CCS for retrofits. Under a competitive tendering approach, owners of existing coal-fired plant would be able to submit bids to run their stations with CCS retro-fitted on the same or a comparable basis as other sources of low carbon capacity. Whether this would be on a basis of direct competition between CCS retro-fitting and all other sources, or only within retro-fitted CCS, would be a significant policy issue for the agency to resolve, drawing on the analysis of the CCC.

Subsidy, public expenditure and competition considerations. This approach is free of formal subsidy arrangements, and avoids recourse to the taxpayer, since contracting costs can be passed on down the chain to the electricity supplier and final consumer. It may therefore represent a less subsidised structure than some of the proposed alternative interventions such as feed-in tariffs, or the subsidy implicit in continuing to allow fossil generation to be sold at prices that do not reflect in full its externalities and social costs. If our proposals represent the most effective means, then it is likely that the ultimate public expenditure burden will be less under our proposals than under alternatives.

It is open to the objection that the purchasing agency would de facto enjoy a monopoly position in selling to the wholesale market. This however would be subject to regulatory oversight in the way that the monopoly elements of the power sector are today. The crucial point however is that these departures from theoretically unconstrained competitive market structures appear almost inevitable, given that interventions are required because the existing pure market structure is not able to deliver.


The introduction of this new system would be incremental (as new investment came forward). As a result it would allow an orderly transition, with the existing regime continuing to apply to existing/committed generation assets.

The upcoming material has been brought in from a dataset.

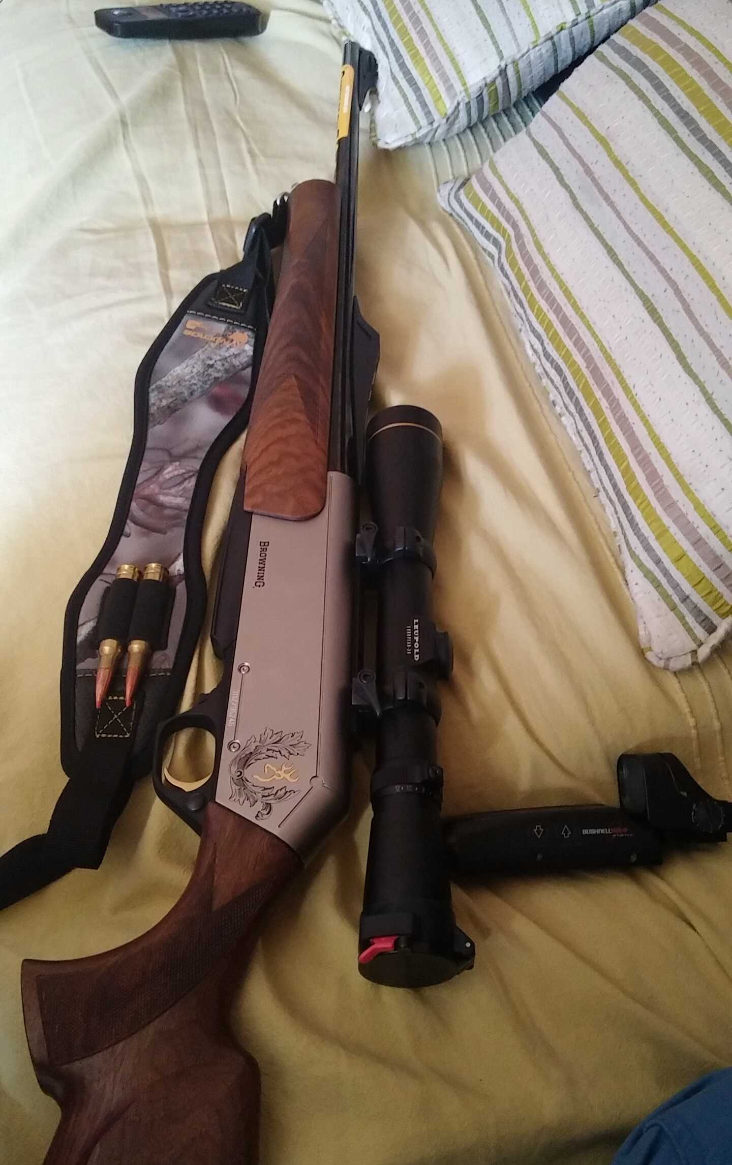 Por cierto veo que no le as quitado la pegatina esa amarilla, pues paciencia a mi me costo un huevo y después de quitarla la mancha de pegamento no se iba y ya desesperado, lo tuvo que terminar mi mujer, no recuerdo con que, si alcohol de limpiar o otra cosa, pero yo estaba acojonado por el pavón, casi llamó a browning para ver que tenía que hacer

Nevertheless, implementation would require prior resolution of some issues: notably how would the process of deciding the quantum, timing and technology choice be conducted;

  • Degree of disaggregation (how many auctions)
  • Linkage with time critical pathways compatible with carbon budgets
  • What consequential changes in the roles of DECC, CCC, OFGEM, National Grid ?


[1] Investment in electricity generation; the role of costs, incentives and risks. UKERC. May 2007
[2] UKERC Report, p. 67
[3] UKERC Report, p. 55
[4] SEWP 175. John Rhys. Will Markets Deliver Low Carbon Power Generation?. [ ]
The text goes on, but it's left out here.